We start in 1989, when the teen, Manford (Glenn Obrero), shows up unannounced at a University of San Francisco basketball practice to convince — or badger — the longtime coach named Saul (Keith Kupferer) that he should join the team. Even before quick-witted arguments emerge over Manford’s height (he’s short) or his game (he’s really good), there’s the issue that the team’s season (a losing one) is already over. What Manford really wants, we discover, is to travel with the team to China, where they will be playing a “friendship” game against the University of Beijing.

Flash back to 1971, when Saul visited China and spent a few weeks coaching the Beijing University team as part of the ping pong diplomacy of the time. The first thing he notices at a practice is that the players never shoot; they just keep passing the ball. That might reflect the ideal of collective communism, but it also, according to Saul’s assigned translator Wen Chang (James Seol) and the play’s narrator, reflects the players’ fear of taking a shot and missing. In China under Mao, failing in the spotlight means career exile at best, consequences for one’s freedom or even one’s life at worst.

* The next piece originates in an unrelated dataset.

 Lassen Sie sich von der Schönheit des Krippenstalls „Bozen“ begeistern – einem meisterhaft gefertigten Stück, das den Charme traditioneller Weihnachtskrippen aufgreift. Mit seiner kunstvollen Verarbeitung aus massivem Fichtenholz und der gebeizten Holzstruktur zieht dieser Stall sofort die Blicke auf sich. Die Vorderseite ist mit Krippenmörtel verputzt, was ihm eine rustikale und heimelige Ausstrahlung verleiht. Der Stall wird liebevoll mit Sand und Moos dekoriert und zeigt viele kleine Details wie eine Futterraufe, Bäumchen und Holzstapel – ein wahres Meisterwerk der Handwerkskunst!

Wen Chang is now the Chinese team’s basketball coach, and the country is ruled by Deng Xiaoping. Student protests fill the streets, and caution informs both Wen Chang’s approach to basketball and his choices in life, which he begins to re-evaluate. James Seol’s performance manages to find the expressiveness in a character used to repressing what he’s feeling.

Saul, who tutored Wen Chang in the game but could not possibly be more different, sweats and swears profusely, relying on foul-mouthed trash talk as a strategy, including the claim in 1971 that no Chinese basketball team will ever beat an American team, a public pronouncement that has never been forgotten and may well come back to haunt him. Kupferer captures Saul’s growing recognition that his brashness is bringing him decreasing returns as a coach and outright failure in his personal life. 

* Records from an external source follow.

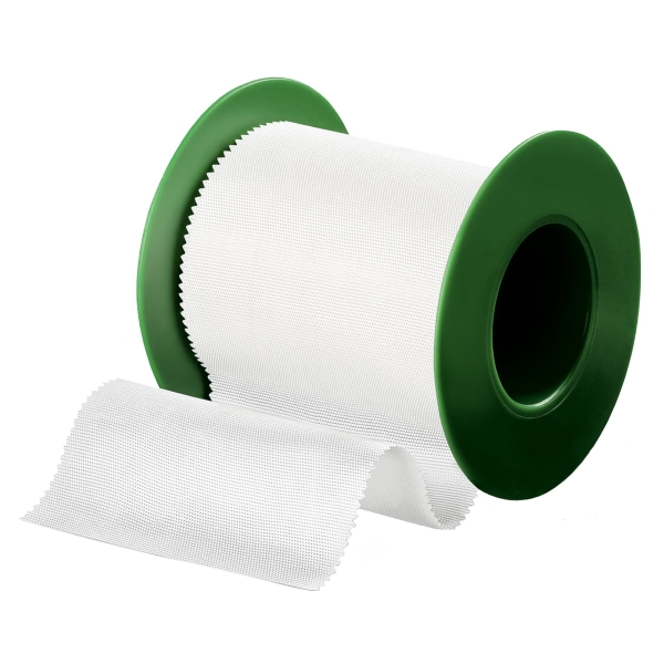 Гипоаллергенный фиксирующий пластырь из белого искусственного шёлка с синтетическим каучуковым клеем.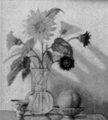 At right: Nancy Bea Miller, an award-winning figure and portraiture painter as well as a cartoonist, displays traditional paintings, including Still Life with Home Grown Sunflowers.
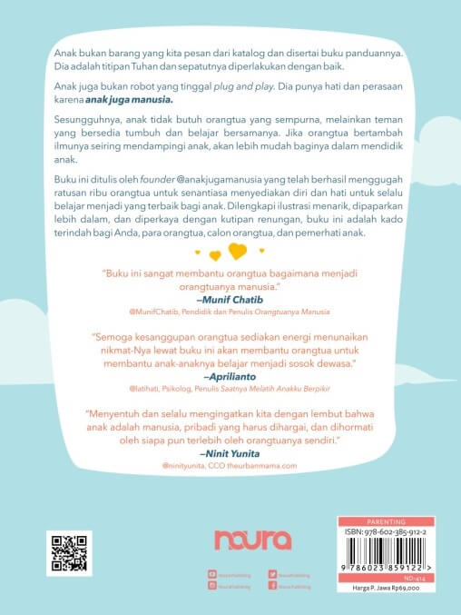 Buku ini ditulis oleh founder @anakjugamanusia yang telah berhasil menggugah ratusan ribu orangtua untuk senantiasa menyediakan diri dan hati untuk selalu belajar menjadi yang terbaik bagi anak. Dilengkapi ilustrasi menarik, dipaparkan lebih dalam, dan diperkaya dengan kutipan renungan, buku ini adalah kado terindah bagi Anda, para orangtua, calon orangtua, dan pemerhati anak.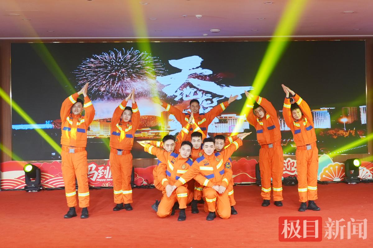 荆州市消防救援支队政治委员肖波在晚会上向全体指战员及家属致以新春祝福,荆州支队机关全体指战员及家属代表在主会场共同观看演出,各基层单位通过视频连线在分会场同步收看,共享这场文化盛宴。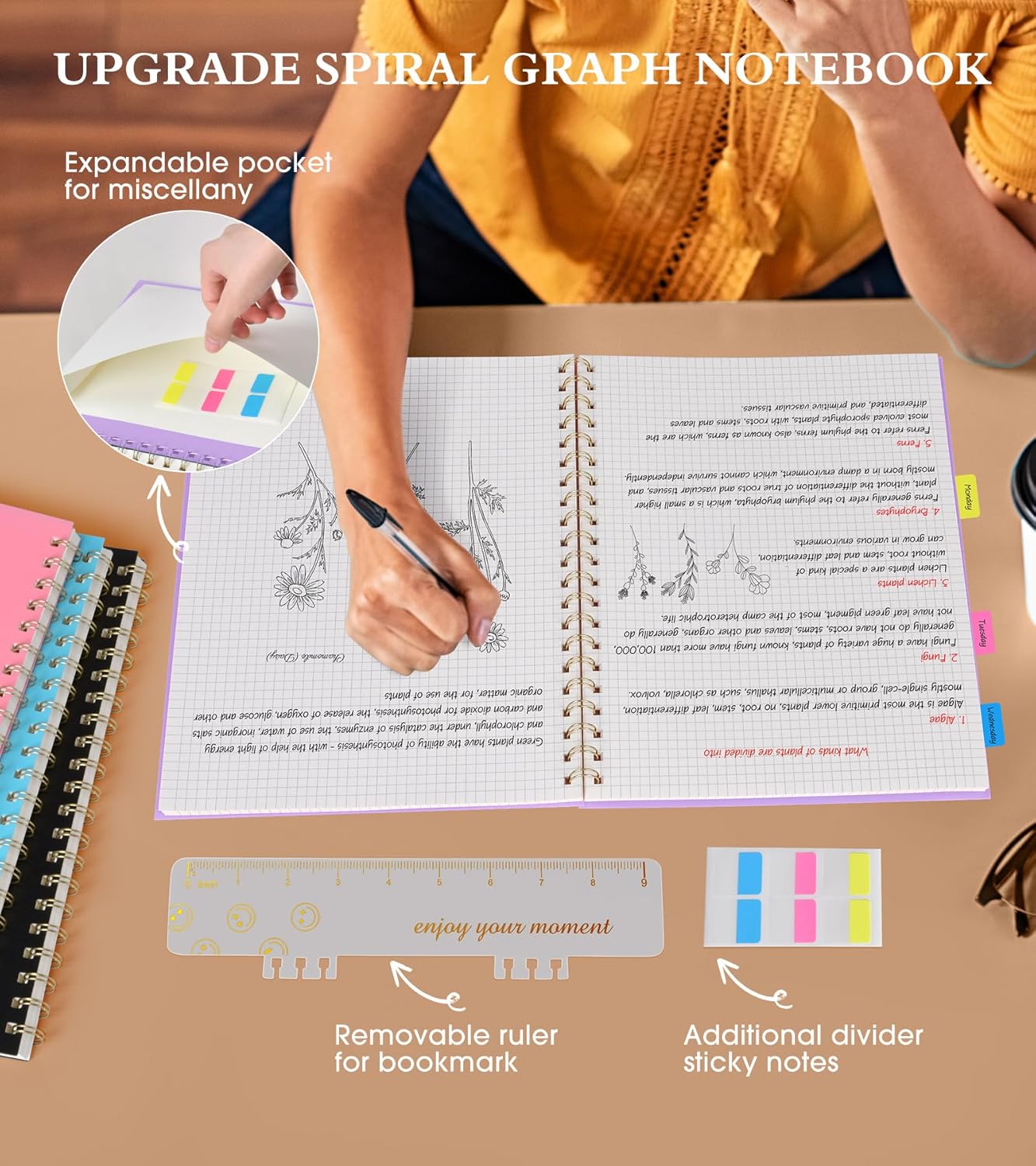 - 【Upgrade Graph Journal Notebook 】The graphing journal has many upgrade features. Come with an elastic closure band, works as bookmarks. Equipped with a removable ruler can help you measure and chart. Personal information page makes it easy to keep track of queries. The back cover includes an expandable pocket for cards and note-taking notes. 1 gift of multicolor index tabs stickers for classification and reference.

Manford possesses all the drive and skill to succeed, but seems held back by unresolved unknowns. In scenes with his cousin Connie (a strong Deanna Myers in a somewhat thankless role), Manford exposes his complex relationship with his mother, who has just passed away, and Obrero carefully reveals the layers of Manford’s motivation to play in Beijing.

Director Jesca Prudencio’s production comes off as confident and fast-moving but also somewhat sedate. The injections of the physical — mostly Obrero’s intense foot-heavy drills, a form of carefully controlled chaotic energy — are welcome but not especially integrated. Prudencio theatricalizes the aspects of gameplay sufficiently but not excitingly. Set designer Justin Humphres splits the audience in two in Steppenwolf’s Upstairs black box space, with basketball-court flooring in the middle, as if we were coming to a game. Although it works overall, it also problematically constrains the projections, which play a key role even at the compelling climax, to a sliver of space above the seating on each side.

If the production could be more stylistically involving, the play’s relevance could not be more immediate. Current street protests in Hong Kong make us realize both the stakes and realness of the suspense that existed with the Tiananmen protests, the mixture of hope and concern that exists before the tanks show up. And, here at home, we are perhaps getting our first glimpse of what fearful fealty looks like when a leader demands that even those reporting the weather demonstrate obedience to his message.